*** Opening The data ***

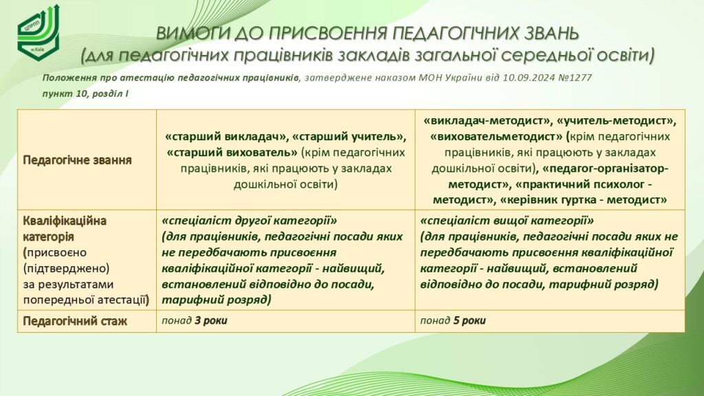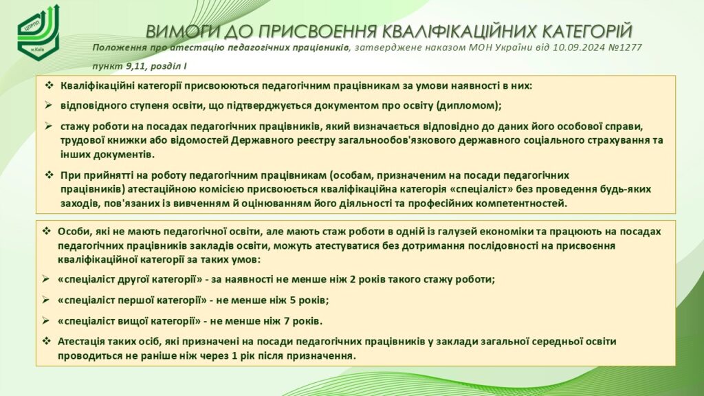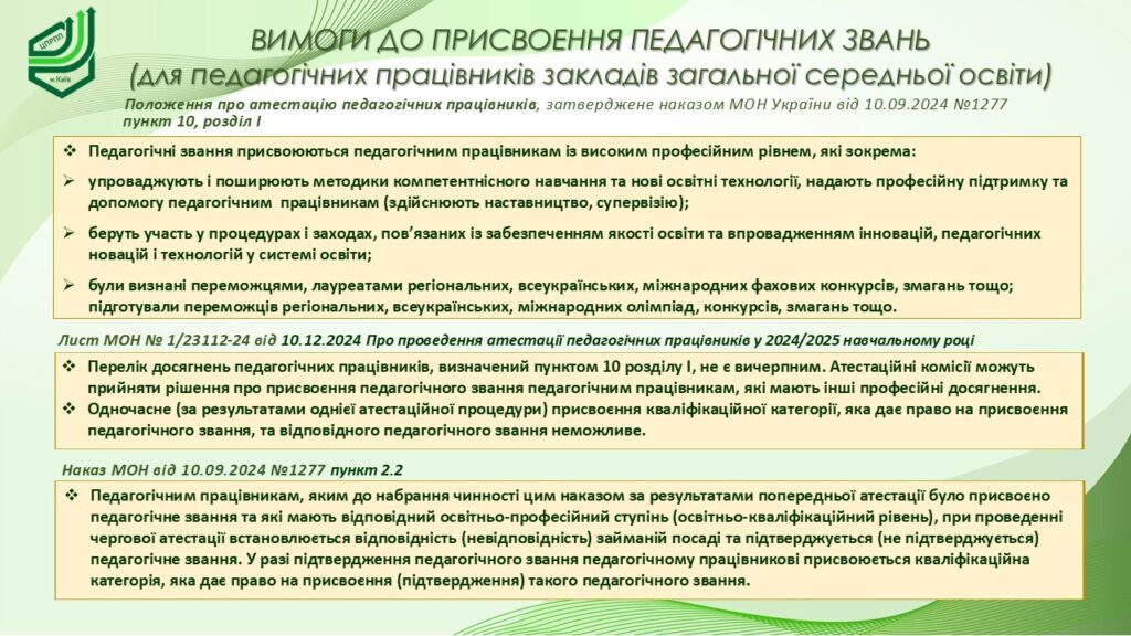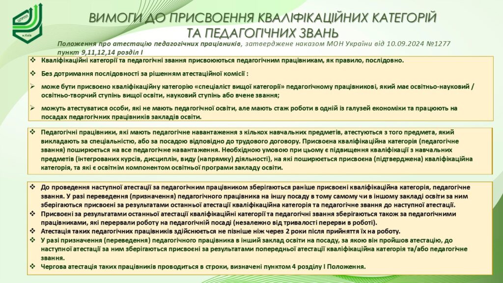 Положення про атестацію педагогічних працівників (у редакції наказу МОН № 1277 від 10.09.2024 року)
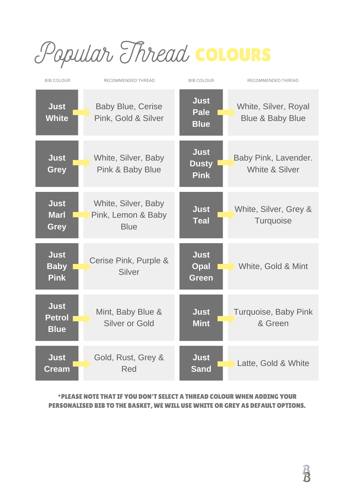 Please note that if you don’t select a thread colour when adding your personalised bib to the basket, we will use white or grey as default option.
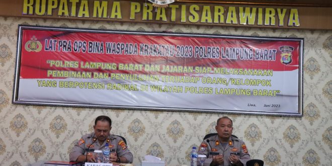 LAMPUNG BARAT (sundalanews.com) – Polres Lampung Barat Polda Lampung melaksanakan Lat Pra Ops Bina Waspada Krakatau 2023, bertempat di Aula Rupatama Polres Lampung Barat, Sabtu (03/06/2023).
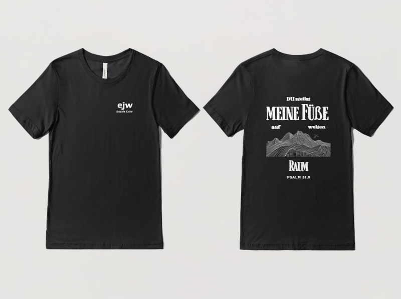 Du willst deinen Glauben teilen und dabei noch brutal gut aussehen? Du willst auf der Straße angesprochen werden was für ein tolles Outfit du trägst? Dann ist die EJW Kollektion genau das Richtige für dich! Das neue Design kombiniert die Tradition des Jugendwerks durch eine Retro-Schriftart und die doch schon legendären Vögel, die am Horizont eines Berge eine Kreuzform bilden. Die eher moderne Skizze des Berges, welche durch den Schriftblock eingerahmt wird, zeigt die Freiheit, die wir durch den Glauben erlangen. Der harte Kern weiß, dass es sich bei dem Vers um unser Leitvers handelt. Mehr EJW geht nicht! Bestelle dir jetzt dein EJW Pulli oder Shirt.
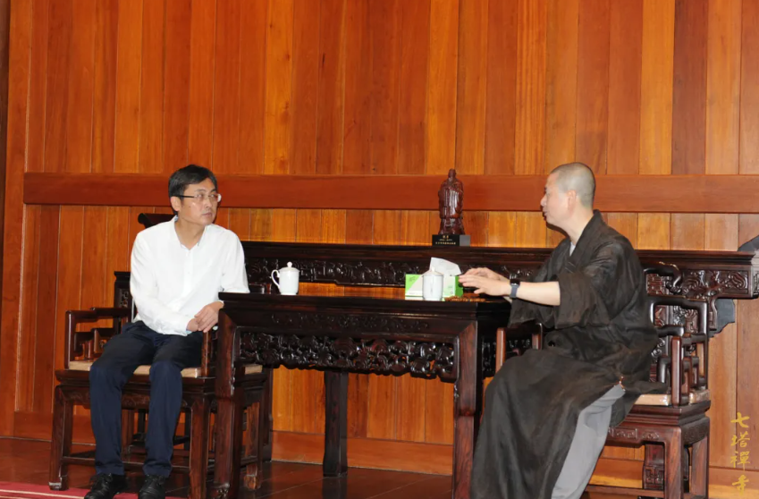 座谈时,可祥法师向严士平部长介绍:七塔禅寺这座古寺,现已成为宁波历史文化的重要组成部分,展示着宁波发展的轨迹,也是宁波佛教文化的主地标和对外交流重要窗口。寺院以道风立寺,以文化兴寺的理念将长期坚持。严士平部长高度赞扬可祥法师的远见和管理理念,对他现阶段取得的成绩深表肯定、赞叹!
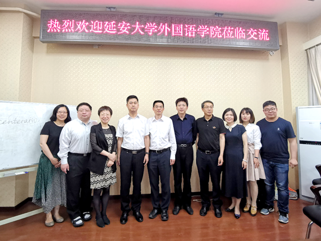 5月17日下午,延安大学外国语学院院长吴卫东、副院长高治东、英语系主任张纪鸽、日语系主任张娅萍一行来访beat365中文官方网站外国语学院并进行调研交流。学院党委书记杨晖、院长李京廉、副院长姜爱红、副院长张帅、英语系主任张剑、日语系主任周晨亮等参加了调研交流。延安大学是beat365中文官方网站对口支援学校,双方就学科建设、硕士研究生联合培养、大学英语课程建设与改革等方面进行了交流座谈。
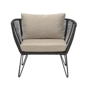 Fotel metalowy czarny Mundo firmy Bloomingville nbsp; jest przykładem nowoczesnego duńskiego designu przywodzącego na myśl klimat loftów Metalowa struktura stworzona ze ściśle ułożonych prętów kojarzy się z projektami wybitnego designera Nilsa Strinninga którego metalowe półki stały się kultowe Fotel posiada finezyjnie wygięte nóżki co przybliża ich design do Biedemeiera w nowoczesnej odsłonie z użyciem metalu Beżowe poduszki i siedzisko wpisują się w tradycyjny skandynawski charakter aranżacji Długość sofy 175 cm wysokość 72 cm głębokość 74 cm nbsp;Fotel możesz zestawić z sofa Sofa jest z tej samej kolekcji Długość sofy 87 cm wysokość 72 cm głębokość 74 cm Struktura fotela imituje rattan a czarny kolor przywodzi na myśl barwę odmiany bzu która kojarzy się z nordycką boginią miłości Freyą Beżowa poduszka oparcia i siedziska rozświetla design fotela

*** Closing The data ***

Only the lines from the one with "5月17日下午,延安大学外国" through the last line of the listing belong in your answer; copy them exactly and skip the pictures.

 5月17日下午,延安大学外国语学院院长吴卫东、副院长高治东、英语系主任张纪鸽、日语系主任张娅萍一行来访beat365中文官方网站外国语学院并进行调研交流。学院党委书记杨晖、院长李京廉、副院长姜爱红、副院长张帅、英语系主任张剑、日语系主任周晨亮等参加了调研交流。延安大学是beat365中文官方网站对口支援学校,双方就学科建设、硕士研究生联合培养、大学英语课程建设与改革等方面进行了交流座谈。
 Fotel metalowy czarny Mundo firmy Bloomingville nbsp; jest przykładem nowoczesnego duńskiego designu przywodzącego na myśl klimat loftów Metalowa struktura stworzona ze ściśle ułożonych prętów kojarzy się z projektami wybitnego designera Nilsa Strinninga którego metalowe półki stały się kultowe Fotel posiada finezyjnie wygięte nóżki co przybliża ich design do Biedemeiera w nowoczesnej odsłonie z użyciem metalu Beżowe poduszki i siedzisko wpisują się w tradycyjny skandynawski charakter aranżacji Długość sofy 175 cm wysokość 72 cm głębokość 74 cm nbsp;Fotel możesz zestawić z sofa Sofa jest z tej samej kolekcji Długość sofy 87 cm wysokość 72 cm głębokość 74 cm Struktura fotela imituje rattan a czarny kolor przywodzi na myśl barwę odmiany bzu która kojarzy się z nordycką boginią miłości Freyą Beżowa poduszka oparcia i siedziska rozświetla design fotela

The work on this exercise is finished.